**Available data**
=== Begin Enclosure ===
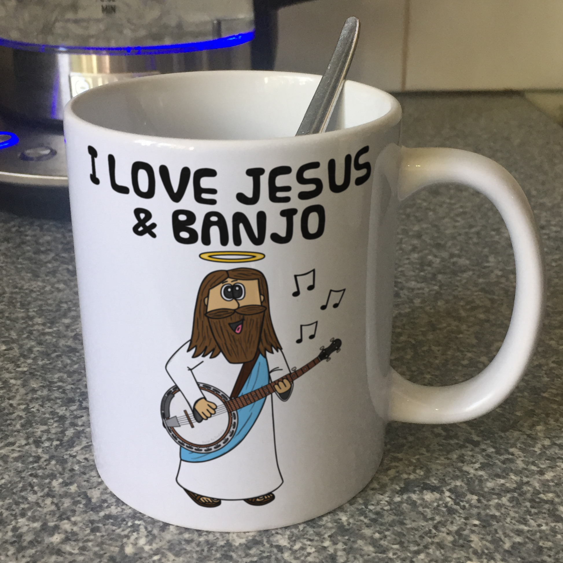 This Christian banjo mug features my doodle of Jesus playing banjo, with musical notes and the text, "I Love Jesus & Banjo"! Ideal for Christian family and friends who play banjo or love music, this mug is the perfect gift!
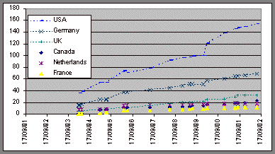 The core of Lancashire’s argument is that the high demand for computer programmers in the U.S. during the 1990s has led to an abundance of economically beneficial opportunities, implying high opportunity costs of joining open source projects in the U.S. Lancashire therefore concludes that traditional economic arguments can explain the geographical distribution of Linux kernel developers. This conclusion, however, is based on data from a single kernel release (2.3.9). As should be clear from the above discussion, Linux Credits files are cumulative records of persons who have been involved in Linux development. The snapshot picture provided by a cumulative record of Linux developers should therefore be complemented with a more dynamical analysis.
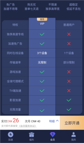 告别丢包,高清不卡顿,快速低延时,为用户提供良好的加速体验。
=== End Enclosure ===
**Work instructions**
Exactly the lines from the one containing "The core of" through the last line of the data above should be output, both ends included, with every picture left out.

**Result of the exercise**
 The core of Lancashire’s argument is that the high demand for computer programmers in the U.S. during the 1990s has led to an abundance of economically beneficial opportunities, implying high opportunity costs of joining open source projects in the U.S. Lancashire therefore concludes that traditional economic arguments can explain the geographical distribution of Linux kernel developers. This conclusion, however, is based on data from a single kernel release (2.3.9). As should be clear from the above discussion, Linux Credits files are cumulative records of persons who have been involved in Linux development. The snapshot picture provided by a cumulative record of Linux developers should therefore be complemented with a more dynamical analysis.
 告别丢包,高清不卡顿,快速低延时,为用户提供良好的加速体验。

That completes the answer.